The general theme of the course will be on algorithmic, graph theoretical, and application oriented issues related to large scale complex social networks. The specific focus of the course will be on models and algorithms for social networking structure, information, influence, and belief propagation, privacy and security issues, anonymous and de-anonymous, and data mining issues in social networks.
The course will have a seminar format and it will be based on recently published material. The list of recommended reading will be constantly updated. Students are expected to present some of the selected papers on some topics and also implement some selected projects related to social networking.
The course will start with a review of necessary background topics such as applications of social networking in different fields, the emerging enabling technologies for social networking and big data analytics. Then, the course will discuss different technical issues in social networking such as large scale network modeling, the information propagation, influence modeling and propagation, spam detection, sentiment analysis, privacy and security issues in social networking, anonymous and de-anonymous, clustering, business sides of social networking. Theories, algorithms and protocols will complement the application oriented material of the class. New and emerging topics in both theoretical research and applications will be presented as well.
The goal of the course is to provide students with the necessary foundations to apply social networking, theory, and algorithms in the field of social networking and big data. The focus of this class is to discuss and understand the challenges in emerging social networking systems, and mobile networks.
1) Classroom: Stuart Building 107 (changed from 220 SB)
2) Date/Time: W 6:25pm-9:05pm (see IIT calendars for holidays)
3) Instructor: XiangYang Li; Electronic contact: xli at cs dot iit dot edu; Office: SB 229C; Office hours: M, W: 2-3pm
4) Teaching Assistant: ???, Email:???; Office: SB 019B, Office Hours: Friday 1PM to 3PM.
5) Course Lectures: will be put online (blackboard) when ready
Working knowledge of some programming languages such as C++, Java, Python, and data structures is required.

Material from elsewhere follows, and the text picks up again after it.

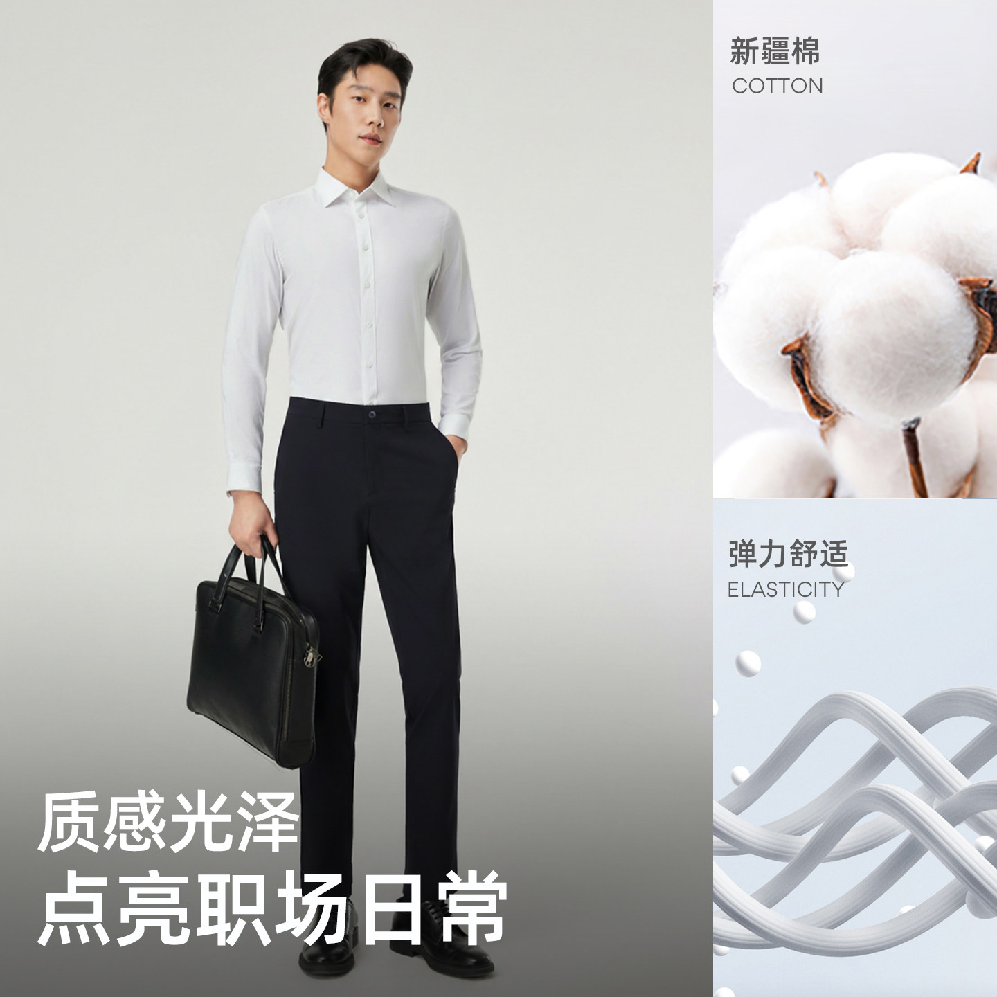 【云感衬衫】金利来春夏新款莫代尔弹力抗皱男士商务长袖白色衬衣

Familiarity with basic algorithmic concepts, probability theory, statistics and linear algebra is also preferred (some are required). Programming projects will require knowledge of C (or C++), java, python.
Courses required: CS 116, CS 330, and CS 331.

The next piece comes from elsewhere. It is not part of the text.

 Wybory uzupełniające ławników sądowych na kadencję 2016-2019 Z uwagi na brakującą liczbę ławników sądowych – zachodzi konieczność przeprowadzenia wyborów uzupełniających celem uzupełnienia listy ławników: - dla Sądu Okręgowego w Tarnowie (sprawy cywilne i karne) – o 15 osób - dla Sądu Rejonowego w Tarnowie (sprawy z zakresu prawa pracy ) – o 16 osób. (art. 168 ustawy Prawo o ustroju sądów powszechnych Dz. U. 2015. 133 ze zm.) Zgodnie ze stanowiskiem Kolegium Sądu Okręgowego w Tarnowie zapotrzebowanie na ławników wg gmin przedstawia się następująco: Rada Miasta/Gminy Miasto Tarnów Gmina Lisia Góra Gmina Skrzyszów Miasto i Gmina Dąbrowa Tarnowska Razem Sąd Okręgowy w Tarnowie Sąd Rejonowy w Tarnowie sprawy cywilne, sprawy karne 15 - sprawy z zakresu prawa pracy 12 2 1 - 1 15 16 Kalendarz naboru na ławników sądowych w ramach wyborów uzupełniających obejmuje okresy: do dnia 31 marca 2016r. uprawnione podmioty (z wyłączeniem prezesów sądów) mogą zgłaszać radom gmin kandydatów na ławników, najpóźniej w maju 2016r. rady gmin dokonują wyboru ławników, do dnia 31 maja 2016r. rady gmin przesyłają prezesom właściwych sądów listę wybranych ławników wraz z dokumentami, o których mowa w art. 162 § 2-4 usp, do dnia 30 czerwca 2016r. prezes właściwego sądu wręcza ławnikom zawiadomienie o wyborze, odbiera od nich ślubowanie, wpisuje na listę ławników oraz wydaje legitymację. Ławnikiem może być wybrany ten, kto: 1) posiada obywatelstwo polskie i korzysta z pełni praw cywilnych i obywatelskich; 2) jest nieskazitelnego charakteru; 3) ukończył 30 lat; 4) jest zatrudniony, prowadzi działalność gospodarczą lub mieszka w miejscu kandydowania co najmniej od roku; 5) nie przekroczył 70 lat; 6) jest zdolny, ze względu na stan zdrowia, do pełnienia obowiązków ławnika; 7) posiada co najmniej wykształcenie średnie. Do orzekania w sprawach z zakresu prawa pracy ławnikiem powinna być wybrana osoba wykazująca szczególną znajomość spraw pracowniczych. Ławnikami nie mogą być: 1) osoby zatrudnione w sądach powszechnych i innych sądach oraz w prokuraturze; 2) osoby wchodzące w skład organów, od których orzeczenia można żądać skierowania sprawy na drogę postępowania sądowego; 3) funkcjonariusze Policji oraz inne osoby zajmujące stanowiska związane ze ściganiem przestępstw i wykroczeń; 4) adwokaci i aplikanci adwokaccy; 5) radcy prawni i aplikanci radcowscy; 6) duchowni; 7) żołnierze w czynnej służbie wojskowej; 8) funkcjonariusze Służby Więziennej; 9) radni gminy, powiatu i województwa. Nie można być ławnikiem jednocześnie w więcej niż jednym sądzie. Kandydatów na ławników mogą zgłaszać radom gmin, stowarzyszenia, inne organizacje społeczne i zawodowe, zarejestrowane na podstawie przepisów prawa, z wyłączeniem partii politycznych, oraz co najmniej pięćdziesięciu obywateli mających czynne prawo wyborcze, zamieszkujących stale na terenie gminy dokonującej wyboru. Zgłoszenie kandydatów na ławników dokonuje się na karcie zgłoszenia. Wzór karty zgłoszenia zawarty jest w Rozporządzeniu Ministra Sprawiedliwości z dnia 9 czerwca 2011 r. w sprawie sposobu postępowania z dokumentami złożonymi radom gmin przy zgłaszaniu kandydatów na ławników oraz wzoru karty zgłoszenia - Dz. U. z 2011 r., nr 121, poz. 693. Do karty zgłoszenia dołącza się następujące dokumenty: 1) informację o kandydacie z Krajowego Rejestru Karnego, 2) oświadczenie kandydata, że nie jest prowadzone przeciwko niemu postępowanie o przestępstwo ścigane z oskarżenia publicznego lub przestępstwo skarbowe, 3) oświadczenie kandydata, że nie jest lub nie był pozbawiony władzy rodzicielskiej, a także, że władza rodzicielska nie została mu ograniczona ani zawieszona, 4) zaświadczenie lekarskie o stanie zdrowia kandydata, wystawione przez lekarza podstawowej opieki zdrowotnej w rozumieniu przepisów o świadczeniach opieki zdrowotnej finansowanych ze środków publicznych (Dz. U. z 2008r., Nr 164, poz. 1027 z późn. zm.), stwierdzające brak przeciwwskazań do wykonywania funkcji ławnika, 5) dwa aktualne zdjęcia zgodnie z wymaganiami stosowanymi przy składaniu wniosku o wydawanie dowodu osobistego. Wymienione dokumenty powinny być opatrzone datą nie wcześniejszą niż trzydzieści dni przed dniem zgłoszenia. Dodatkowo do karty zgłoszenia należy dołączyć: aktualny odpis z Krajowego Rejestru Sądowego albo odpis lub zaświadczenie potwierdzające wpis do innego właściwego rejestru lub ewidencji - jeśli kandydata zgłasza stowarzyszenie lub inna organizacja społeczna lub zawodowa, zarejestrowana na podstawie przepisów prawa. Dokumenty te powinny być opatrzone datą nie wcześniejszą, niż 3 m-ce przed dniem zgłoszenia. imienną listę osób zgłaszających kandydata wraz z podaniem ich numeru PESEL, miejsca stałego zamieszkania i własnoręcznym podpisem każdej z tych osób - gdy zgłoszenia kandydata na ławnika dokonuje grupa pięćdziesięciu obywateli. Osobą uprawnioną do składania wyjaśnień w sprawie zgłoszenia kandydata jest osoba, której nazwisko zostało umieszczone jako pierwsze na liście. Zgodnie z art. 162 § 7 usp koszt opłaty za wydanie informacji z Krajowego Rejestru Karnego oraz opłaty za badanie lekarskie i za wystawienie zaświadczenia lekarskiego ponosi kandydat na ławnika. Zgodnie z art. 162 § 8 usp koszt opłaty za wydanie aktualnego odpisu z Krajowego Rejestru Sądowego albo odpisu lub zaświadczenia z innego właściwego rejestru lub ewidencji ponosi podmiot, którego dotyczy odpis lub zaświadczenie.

Courses recommended: CS 422, CS 430.
There is no mandated textbook. Recommended books:
1. Networks, Crowds, Markets, by D. Easley and J. Kleinberg. See Online version here
2. Think Complex, by Allen Downey, see online PDF version here.
Students who take the course for credit will be required to complete a course project. Completion of the project constitutes 50% of the overall grade. In the course of preparing the project the students will have to do one presentation of several related papers (preferably related to their project). The presentation will be 20% of the credit. Finally, a reaction paper that summarizes the initial thoughts of the students with respect to their topic will be another 20% of the total credit. Finally, active class participation will be the additional 10%.
1. One class presentation 20%
2. One reaction paper 20%
3. One project 50%
4. Class participation. 10%
Incompletes will not be given.
Late Assignment Policy: There will be a penalty of 10% per day, up to three days late. After that no credit will be given.
The course is primarily based on recent material (from the past 5-10 years); this means that most of it exists in the form of papers on the Web, and the existing literature raises a lot of interesting issues that have yet to be explored.
In the course of preparing the project the students will have to do one presentation of some papers (preferably related to their project). The presentation will either be an initial attempt to familiarize the students with the area they are going to be working on for the rest of the semester. A student may decide to do a presentation on a topic irrelevant to his/her project theme.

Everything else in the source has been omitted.